Assigned task
Include in the reply only the lines from the start of the data below through the line containing "Valentine Treat Bag", reproduced exactly and with no pictures.

Working data
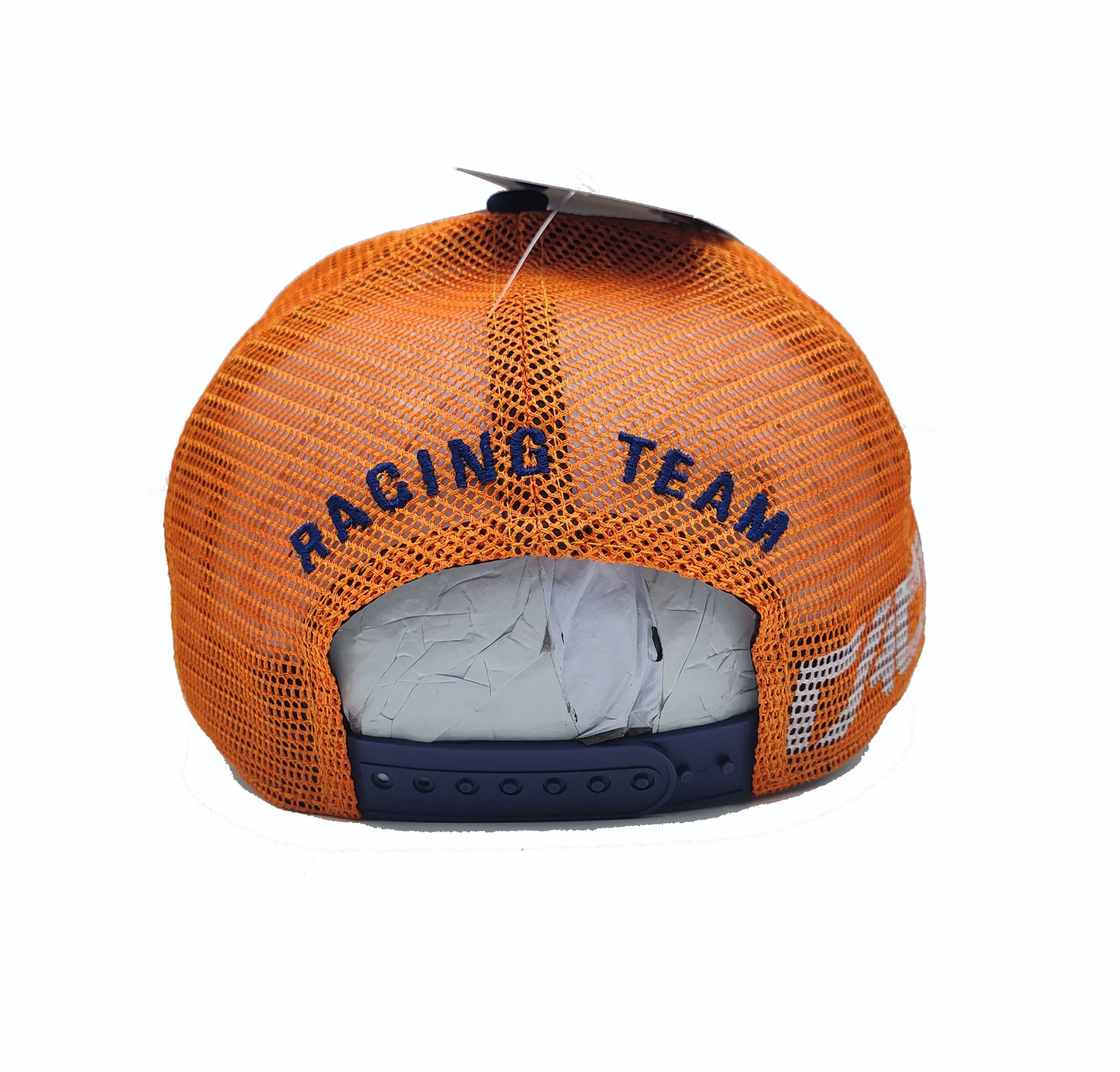 - Bright orange breathable mesh rear crown
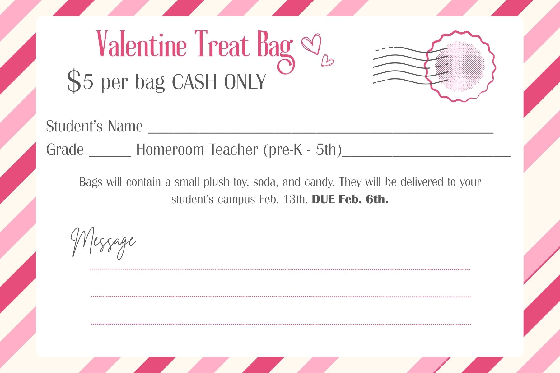 Valentine Treat Bag Fundraiser - benefiting Project Grad for the 2026 Graduating Senior Class. These order forms will begin going home with students on Tuesday, January 20th at all three campuses. ...
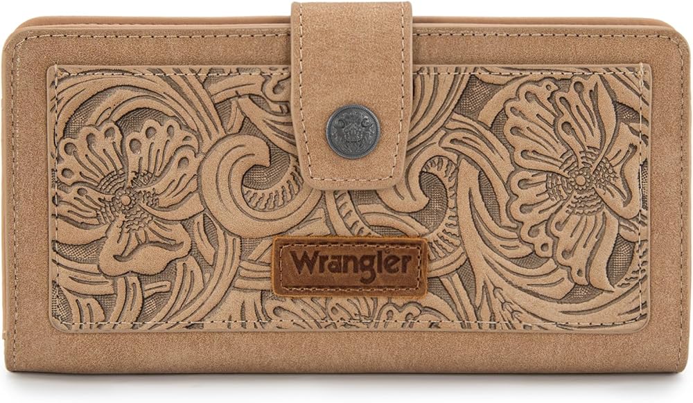 Wrangler woman wallet features exquisite tooling flower design. Blending western and elegant styles, which complements your outfits perfectly.
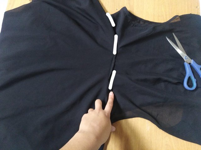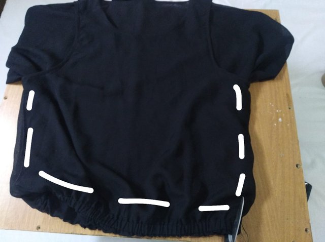 We will use few things, only the blouse, scissors, elastic, thread and sewing machine or needle in case we do not have the machine.
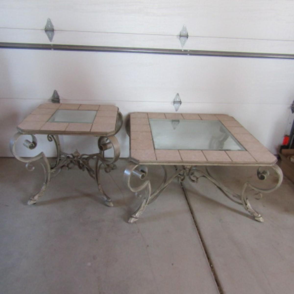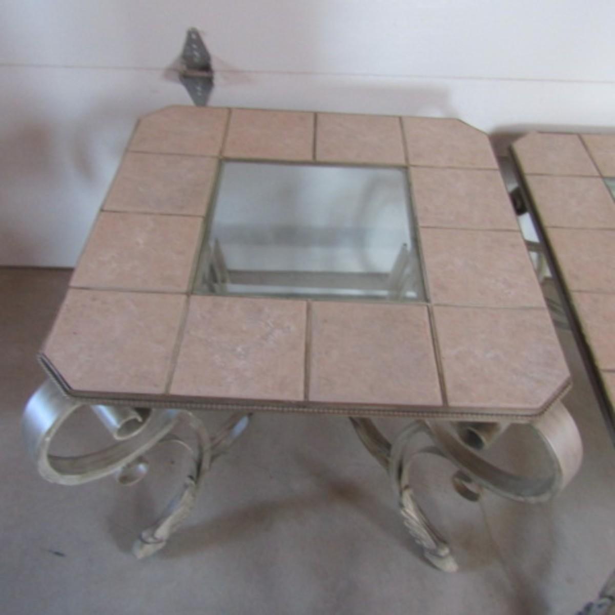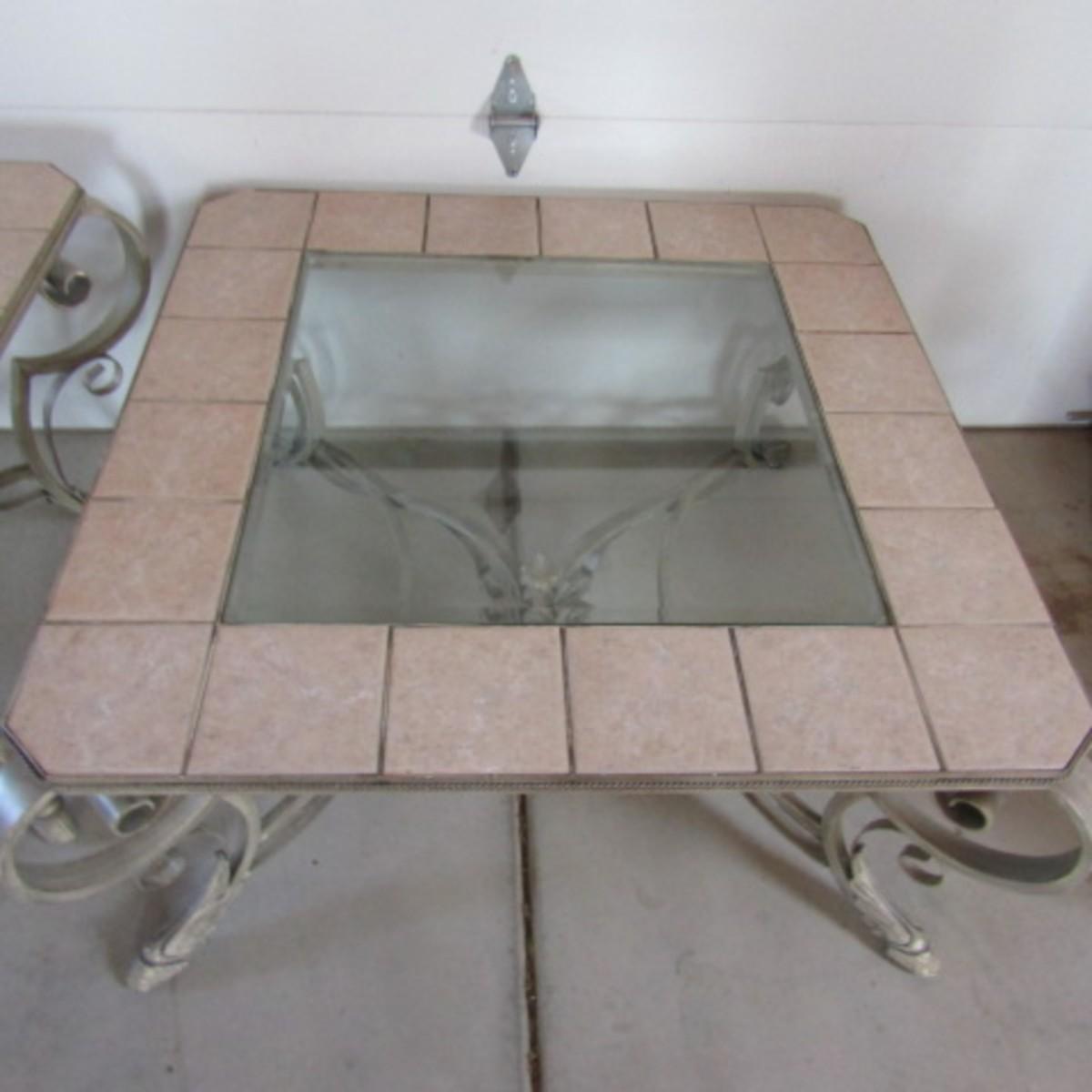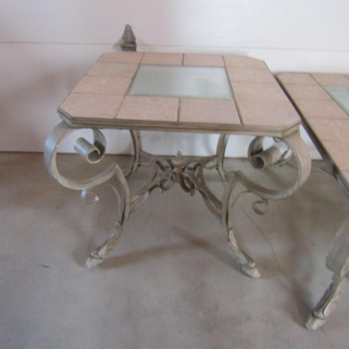 LOT 30 TWO IRON FRAMED END TABLES WITH TILE AND GLASS TOPS (W)
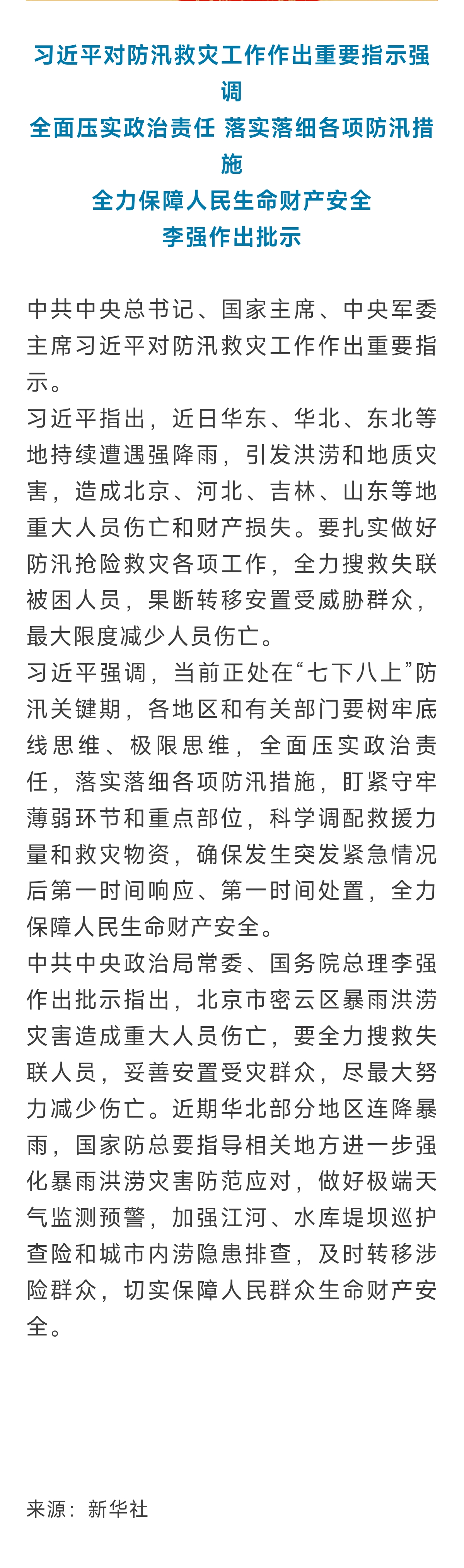 习近平对防汛救灾工作作出重要指示
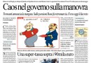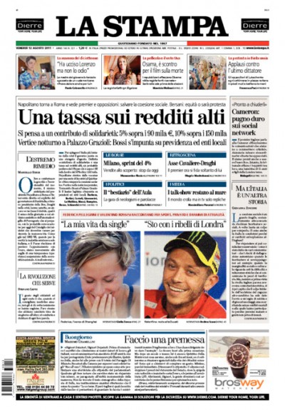 Secondo le aperture dei maggiori quotidiani di oggi, le iniziative di Tremonti per mettere una pezza alla crisi trovano pochi consensi nella maggioranza, Bossi alza un sopracciglio e Libero titola persino al tradimento. Molto interesse sulle prime pagine di Repubblica, del Fatto e dello stesso Libero anche per il menu della Camera dei deputati e le sue tariffe, e altrove per gli strascichi delle violenze londinesi, su cui la Stampa dà spazio a Valentino Rossi.
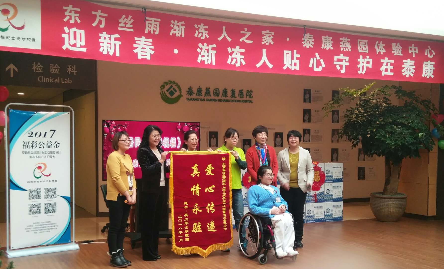 東方絲雨漸凍人之家?泰康燕園康復(fù)體驗中心,作為漸凍人的“家”,1月27日迎來了2018年第一批回“家”過年的病友及家人們。為了給家人們過一個平安、溫暖的春節(jié),在北京市民政局福彩公益金的支持下,中心特別舉辦了“漸凍人貼心守護?新春專題活動日”,迎漸凍人回家,溫暖過年。

Written answer
 - Bright orange breathable mesh rear crown
 Valentine Treat Bag Fundraiser - benefiting Project Grad for the 2026 Graduating Senior Class. These order forms will begin going home with students on Tuesday, January 20th at all three campuses. ...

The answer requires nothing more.